Athwale was inspired by B. R. Ambedkar, the Indian polymath. Following a split in the Dalit Panther movement in 1974, Athawale joined Arun Kamble and Gangadhar Gade in leading a rump in Maharashtra. His involvement with a faction of the Republican Party of India, despite the Panther's general disdain for its leadership, eventually led to an association with the Indian National Congress (INC).

Athawale was member of Maharashtra Legislative Council from 1990 to 1996 and was Cabinet Minister for Social Welfare and Transport, Employment Guarantee Scheme and Prohibition Propaganda in the Government of Maharashtra between 1990 and 1995.

He represented the Pandharpur constituency of Maharashtra and is the president of the Republican Party of India (Athawale) (RPIA).

Athawale represented Mumbai North Central in the 12th Lok Sabha during 1998-99 and was elected to serve a second term in the 13th Lok Sabha of 1999–2004. A third term, in the 14th Lok Sabha, followed from 2004 to 2009. Considered something of a lightweight in state politics, he has been courted at various times by various parties because of a perception that he might assist in mobilising the scattered Maharashtrian Dalit vote in their favour. He left the Nationalist Congress Party-INC alliance in 2011 after having lost in the 2009 Lok Sabha election, when he contested the reserved Shirdi constituency. This defeat was despite a subsequent report by Social Watch which ranked him as the second-best performing member of the 14th Lok Sabha, based on an analysis of various data points. Athawale led the RPI party, joined the alliance of Shivsena and the Bharatiya Janata Party (BJP) in 2011 and contested Brihanmumbai Municipal Corporation elections together.

In 2014, Athawale was elected to the Rajya Sabha, which is the upper house of parliament.
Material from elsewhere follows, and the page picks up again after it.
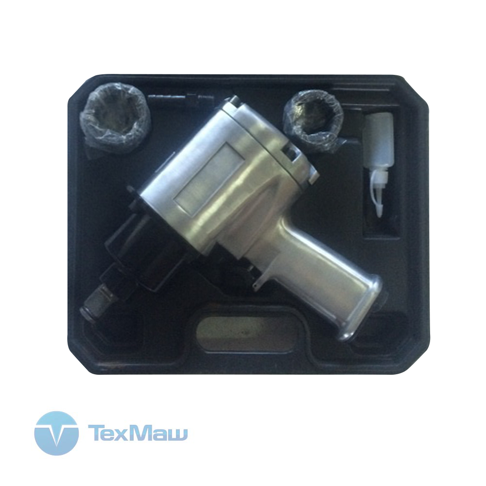 Пневмогайковерт этой модели обеспечивает момент затяжки 1300 Нм. Имеет оптимальный вес для своей производительности. Компактен и удобен в применении, дополнительное удобство обеспечивает рукоятка эргономичной формы. Инструмент реализуется в кейсе с комплектующими. В комплектацию входят головки разного размера, удлинитель, штуцер и масленка.

He became Minister of State in the Ministry of Social Justice and Empowerment on 6 July 2016, working under Thawar Chand Gehlot.

His RPI(A) organisation is a part of the National Democratic Alliance led by the BJP.

Devyani Khobragade was proposed for the role of Personal Secretary to Athawale in July 2016 but the appointment was refused by Gehlot, who saw a conflict of interest because her father, Uttam Khobragade, was the national executive president of the RPI(A).

When Athawale established a children's wing of the RPI(A) in September 2017, he appointed his son, then aged 12, to be its leader.

In May 2019, Athawale continued his position as Minister of State for Social Justice and Empowerment.

In March 2020, a video of Athawale chanting 'Go Corona!' at a rally went viral and became a popular meme.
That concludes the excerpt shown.